There are two main reasons for this choice:

  • Debugging output usually makes very little use of interpolation. In general, one is typically using #[derive(Show)] or format!("{:?}", something_to_debug), and the latter is better done via more direct convenience.

  • When creating tailored string output via interpolation, the expected "default" formatting for things like strings is unquoted and unescaped. It would be surprising if the default specifiers below did not yield `"hello, world!" as the output string.

    format!("{}, {}!", "hello", "world")
    

In other words, although more types implement fmt::Debug, most meaningful uses of interpolation (other than in such implementations) will use fmt::Display, making {} the right choice.

Use in errors

Right now, the (unstable) Error trait comes equipped with a description method yielding an Option<String>. This RFC proposes to drop this method an instead inherit from fmt::Display. It likewise proposes to make unwrap in Result depend and use fmt::Display rather than fmt::Debug.
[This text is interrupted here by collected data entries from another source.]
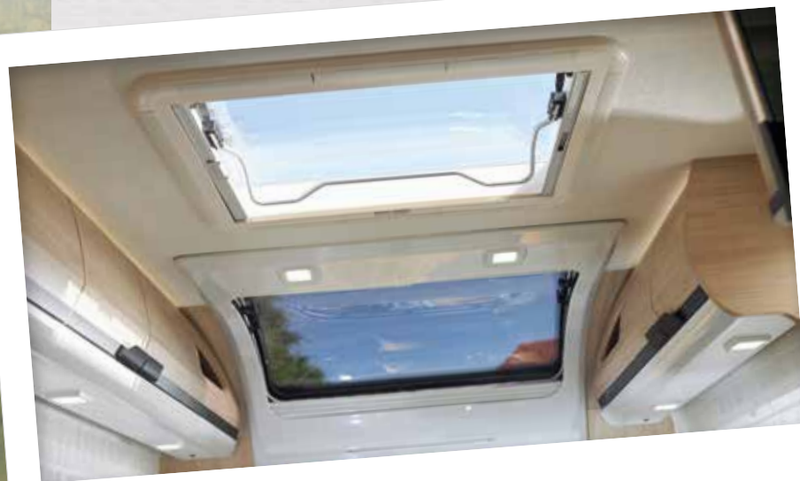
ALIZÉ CONNECT 560CP
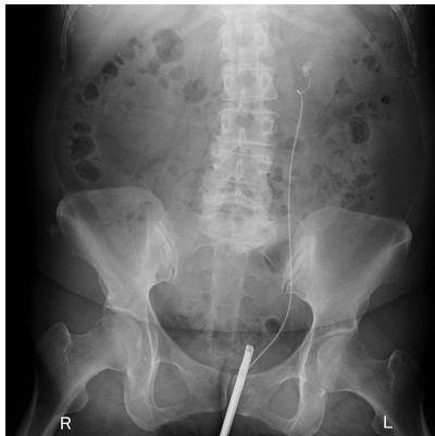
Fig. 7 KUB Image

The previous method of stent placement and replacement in cases such as this involved manipulating the catheter while alternating between viewing fluoroscopic images and endoscopic images. With the G4, these images can now be viewed simultaneously on the same screen, which allows
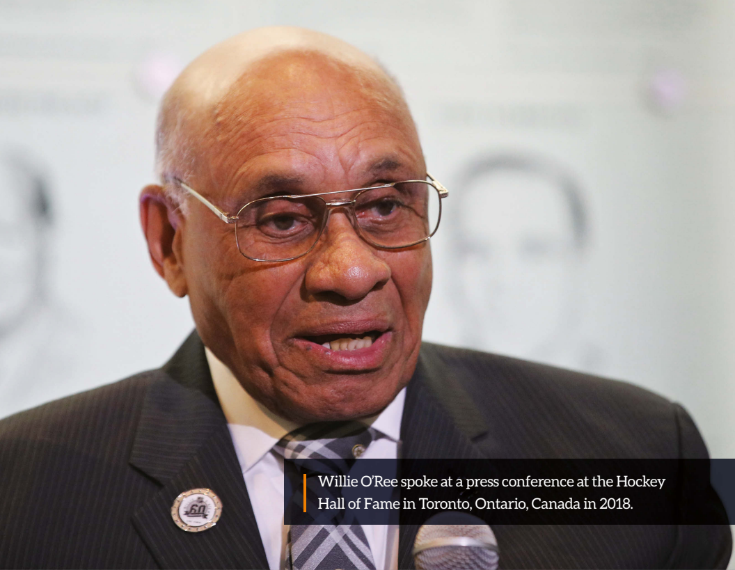
Willie O'Ree spoke at a press conference at the Hockey Hall of Fame in Toronto, Ontario, Canada in 2018.
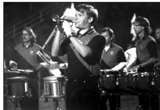
SANTA CLARA VANGUARD ALUMNI, Santa Clara, CA (1997).
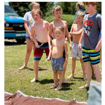
Above: Long Cane VBS: The Prodigal Son characters and water slide fun.
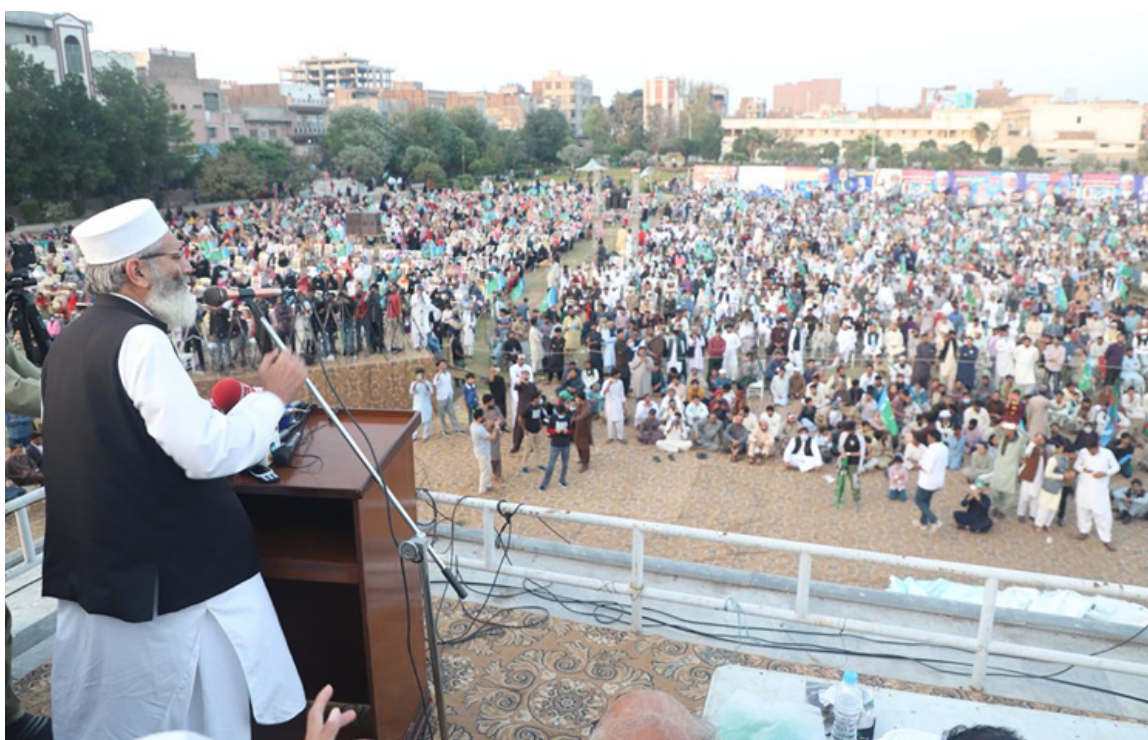
FAISALABAD: Ameer Jamaat e Islami Siraj ul Haq addressing to public gathering at Dhoobi Ghat Ground.

travelled on the Orange Line Metro Train project since its inauguration on October 26, 2020. This shows how local residents have embraced this project with utmost excitement and have made it a part of their daily lives. Thousands of commuters are benefiting from this safe, fast and economical mode of transportation which is also benefiting the environment.

The reason in both cases is the same: although errors are often thought of in terms of debugging, the messages they result in are often presented directly to the user and should thus be tailored. Tying them to fmt::Display makes it easier to remember and add such tailoring, and less likely to spew a lot of unwanted internal representation.

Alternatives

We've already explored an alternative where Show tries to play both of the roles above, and found it to be problematic. There may, however, be alternative conventions for a multi-trait world. The RFC author hopes this will emerge from the discussion thread.

Unresolved questions

(Previous questions here have been resolved in an RFC update).